Les traces s'arrêtaient nettes. Devant un chêne. Aux écorces éraflées, il n'était pas bien difficile de déduire que tu avais escaladé. Moussif leva son canon, scrutant les ombres dans la canopée. Les branches enlaçaient leurs voisines dans des embrassades intriquées. Mon ami suivit avec attention cette passerelle des hauteurs.

Je renonçai à l'imiter. Tassé dans un buisson de renouée ; je gardai plutôt l'œil sur le viseur. J'escomptais que tu te montres plus malin que lui et ne fus pas déçu. Alors que Moussif progressait le nez en l'air, il ne te vit pas surgir de derrière un tronc. Comme pour la fausse piste, les marques sur l'écorce étaient un leurre.

Ton attaque grossière dénotait une cruelle absence de technique, mais ta hargne et l'effet de surprise suffirent à compenser. Moussif bascula, sa tenue proprette alla épouser les résidus de gadoue ; tu t'emparas de son fusil et le mis en joue. J'aurais applaudi des deux mains si je n'avais pas eu une occasion à saisir. Car à ce jeu truqué, tu ne pouvais pas gagner.

Je tirai. Le projectile heurta ton épaule et te fit lâcher l'arme. Je ne perdis pas de temps et jetai mes forces économisées dans un sprint. Moussif allait se relever, mais je le bousculai en passant. Je prétexterais une maladresse plus tard.

La douleur te ralentissait.
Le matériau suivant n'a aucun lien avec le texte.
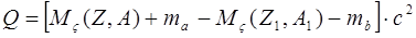 У випадку, коли відповідні маси спокою взяті у а.о.м., тепловий ефект реакції Q дорівнює: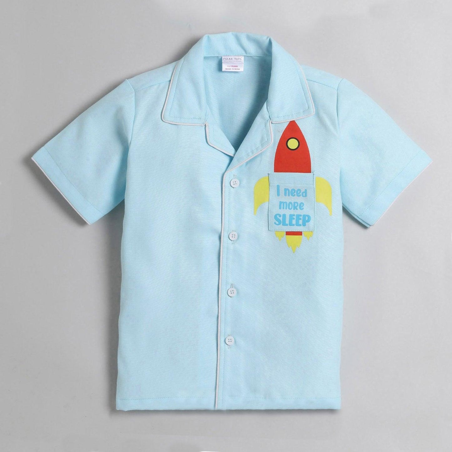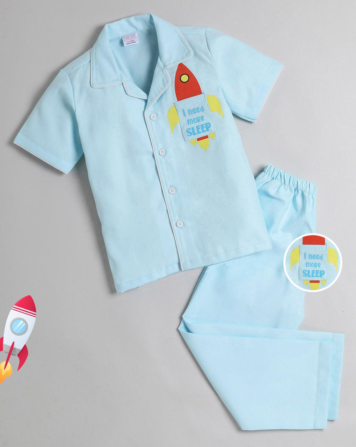 Polka Tots Half Sleeve Night Suit Pair Cotton Rocket Need More Sleep- Blue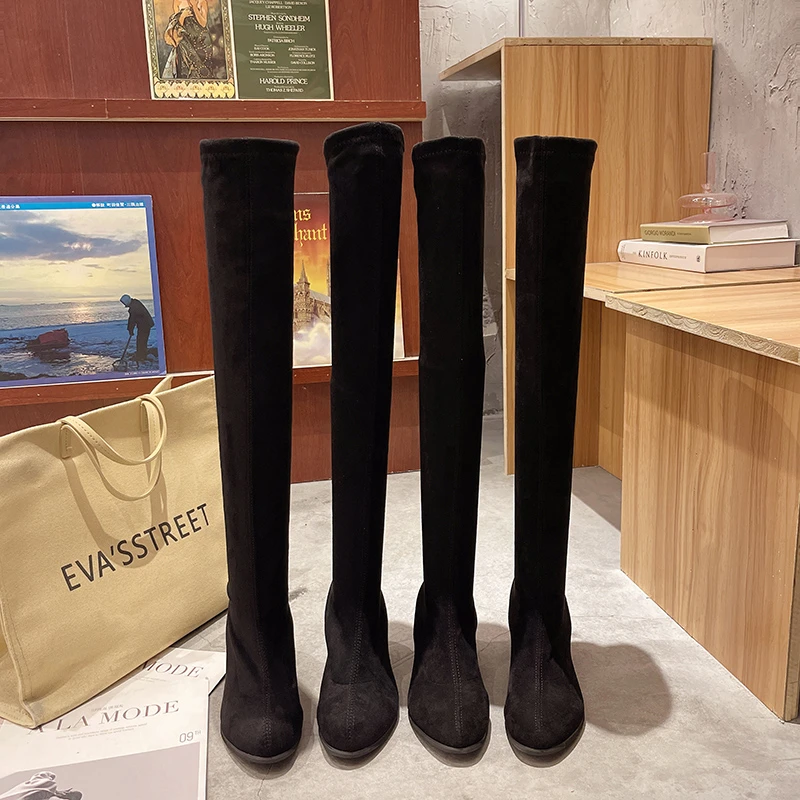 Новые облегающие сапоги из искусственной замши, привлекательные Сап...

Il ne fallut que quelques foulées pour te rattraper et réaliser un plaquage à faire rougir ta démonstration d'un peu plus tôt.

Bien sûr, tu n'allais pas me céder la victoire si facilement. Tu te débattis avec rage, ton bras valide lacérait mon manteau épais, tes jambes rudoyaient la couverture feuillue du sol ; sans grand succès. Je raffermissais ma prise et te retournai. Tes bras maintenus au-dessus de la tête et un genou pressé contre ton sternum, j'appuyais suffisamment pour te couper le souffle sans te briser les côtes ; puis me penchai pour chuchoter sur le ton de la confidence :

— Tu ne gagnes rien à lutter. Si personne ne t'attrape, ils te reverront d'où tu viens. Alors choisis : moi, le type que tu as renversé ou le Lisier ?

Tes yeux s'agrandirent de stupeur ; puis se rétrécirent de rage. Sans doute n'appréciais-tu guère ce rappel à tes origines. Gonflé d'assurance, je me tenais quelques centimètres en surplomb ; un sourire se peignait sur mon visage, persuadé de ta décision.